普通の航空機は操縦桿を押し込めばピッチは下がるので、逆の操作である。


早速ハーネスをセットしてグライダーを担ぎ走ってみる。

思いの外重い機体のバランスをとりながら走るのが難しい。

しかしうまくバランスをとって走り始めると、翼が揚力をえてグライダーがどんどん軽くなる感覚を感じた。

2、3回繰り返したところでグライダーの重さが完全に無くなり、逆に自分が引っ張られる感覚を覚える。

気がつくと高度数mを浮遊していた。


通常の飛行機の離陸の際も、加速するにつれて翼が揚力を得て飛び上がろうとする力を感じる瞬間は操縦してて気持ちの良い瞬間のベスト3には入るとおもうが、ハンググライダーはよりダイレクトにその感覚を味わえてすこぶる気持ちが良い。

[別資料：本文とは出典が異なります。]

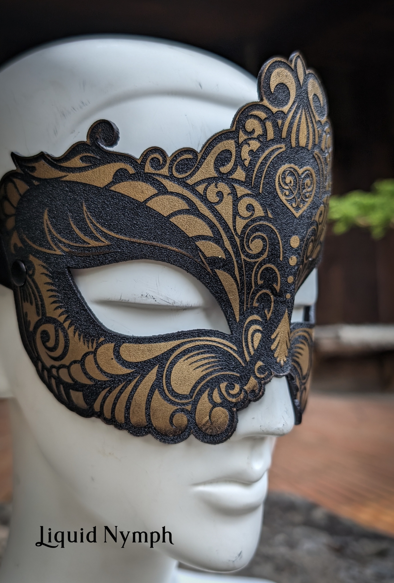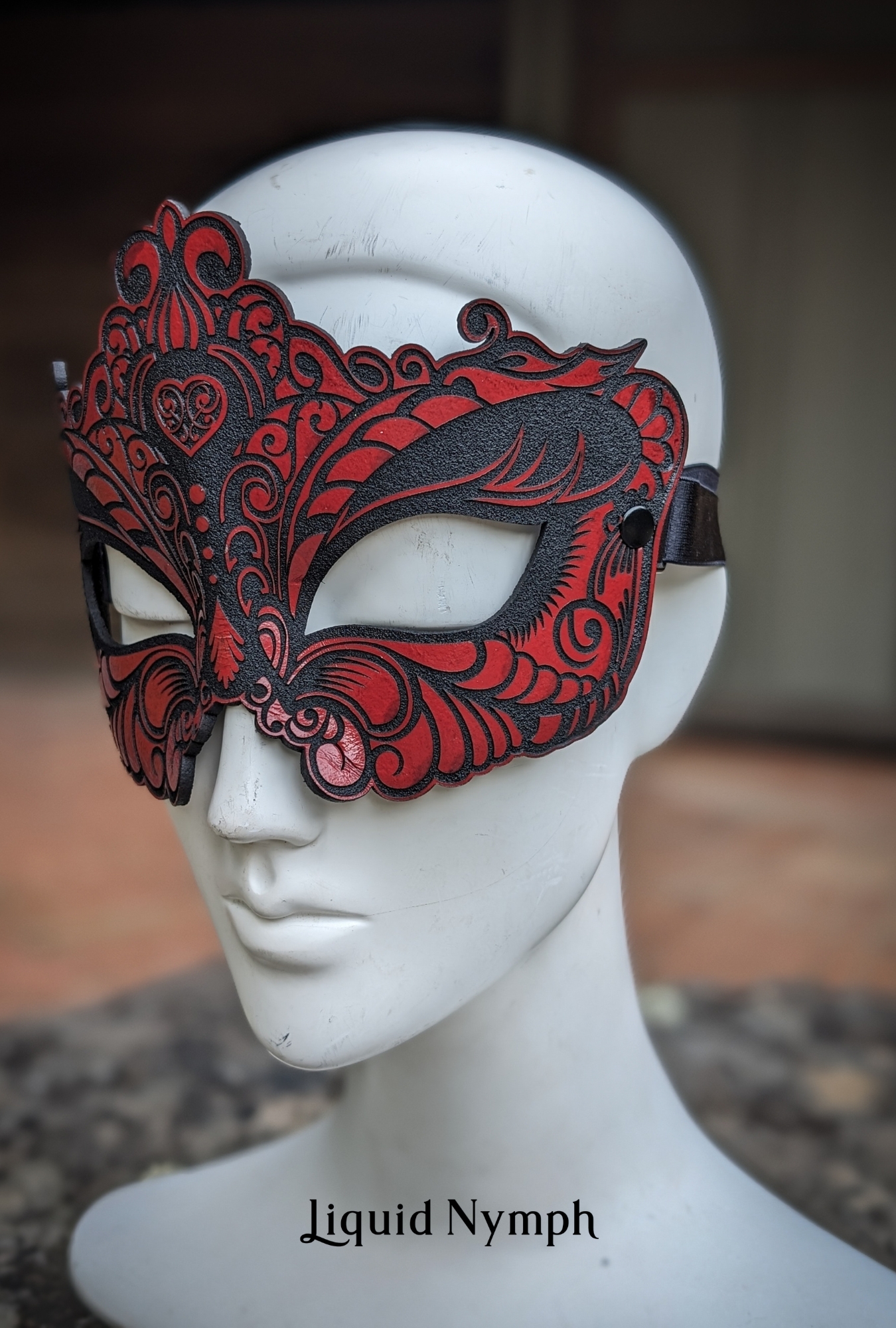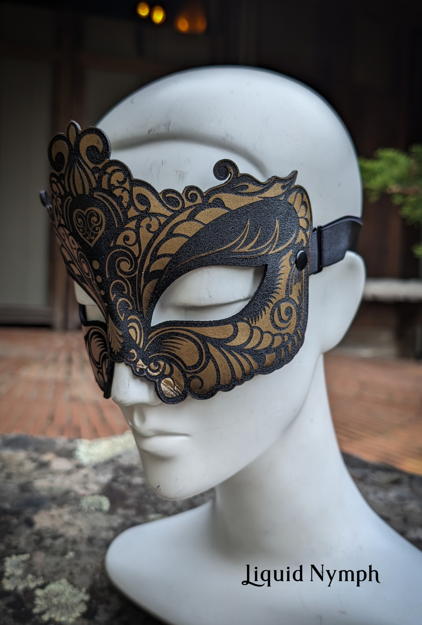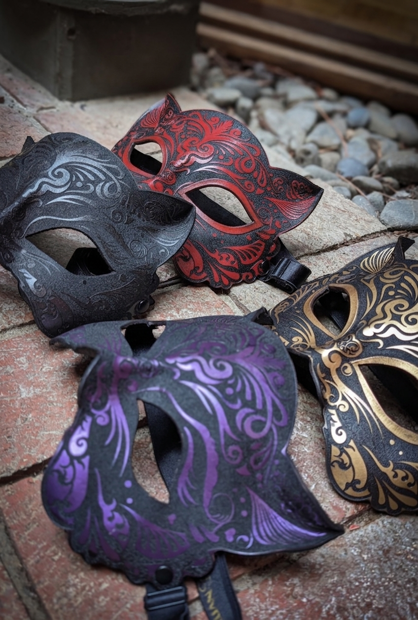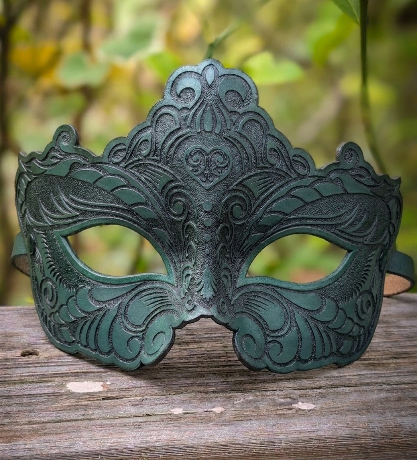 Hand-sculpted from wet-molded leather and precision laser-etched for a stunning finish, this blindfold is expertly contoured to fit the natural shape of the human face.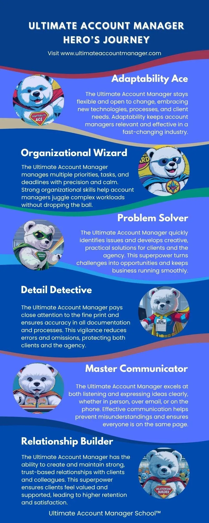 By enrolling your account managers in THE ULTIMATE ACCOUNT MANAGER school, you're not just investing in employee development - you're investing in your agency's future success.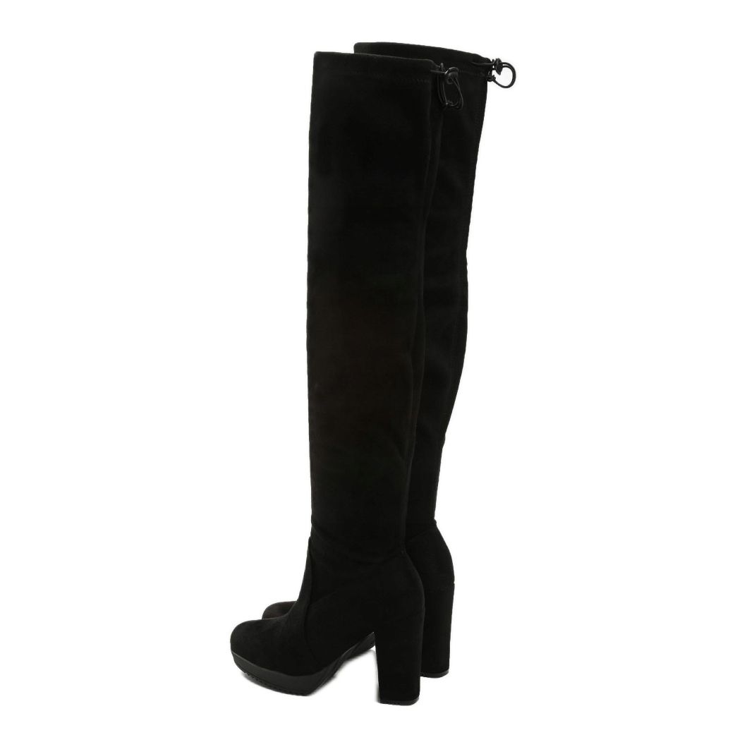 Charakteristickým prvkem těchto kozaček je vysoký svršek sahající nad kolena, který dodává styl a vytváří atraktivní siluetu. Díky kulaté špičce a 10centimetrovému podpatku je obuv pohodlná a stabilní i přes vysoký podpatek, ideální na dlouhé procházky nebo večerní výlety.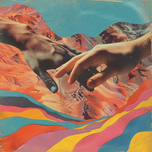 tripsitter, trip guide, retreat guide, non-realistm, creative, colourful, minimal, powerful, holding hands, safe, halftone paper collage style, --v 6.0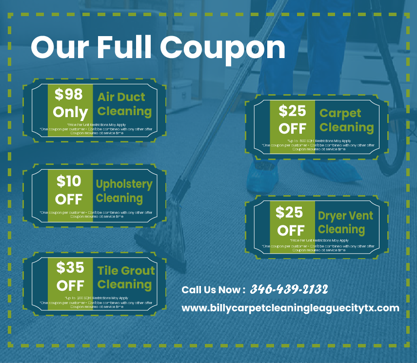 For MoreEven the biggest obstacles can be solved with our blot removal rug aid, even though discoloration and smells can be very difficult to deal with. Whether it's pet macula, red wine or coffee spills, our crew has the mastery and the right products to remove them without damaging your floor mat. Our deodorization technique also confirms that any unpleasant aromas are completely eliminated, leaving your carpets fresh and clean. Our group at Billy Carpet Cleaning League City Texas is highly trained in giving certified floor covering purification care. We use modern machines and eco friendly purging resolutions to deliver the best results. Deep tidying up is essential for high traffic areas which tend to accumulate more dirt and wear over time. Get a free estimate by contacting us right now.

そして想像以上にピッチの操作が繊細で、レスポンスよく反応してくれる感覚にも好感を覚えた。


次にパラグライダーである

パラグライダーの操縦は主にブレークコードと呼ばれる2本の紐を引くことによって実施する。

これは翼後端を折り曲げることにより飛行機でいうフラップのような役割をさせて減速したり、片方だけ引くことによりエルロン操作のようにして旋回する機構である。

逆にいうとピッチ操作を直接行う機構はほぼないというのが衝撃的ではあった。



やはりパラグライダーもハンググライダー同様自分が走ることによって揚力を得て浮き上がる感覚が気持ち良い。

しかし先にも述べた通りピッチの操作はハンググライダーほどダイレクトなものではなく、飛行機を操縦する感覚とはこの点に大きな差を感じた。


2つの体験を終え、どちらも楽しさの片鱗を味わえた。

操縦感覚の相性で言えばハンググライダーのほうが良いなと感じた。

しかしやはり業界として衰退しているハンググライダーとその一方で盛り上がりを続けているパラグライダーでは、パラグライダーの方が今後の発展性が大きいと考え、パラグライダーのスクールに入校することを決めた。


いずれにしろ趣味として空を飛ぶことを始めることにウキウキとしつつ、「仕事にしろ趣味にしろ、ますます地に足がついてない人生になるな」とひとりごち、スクール入校の書類にサインしたのであった。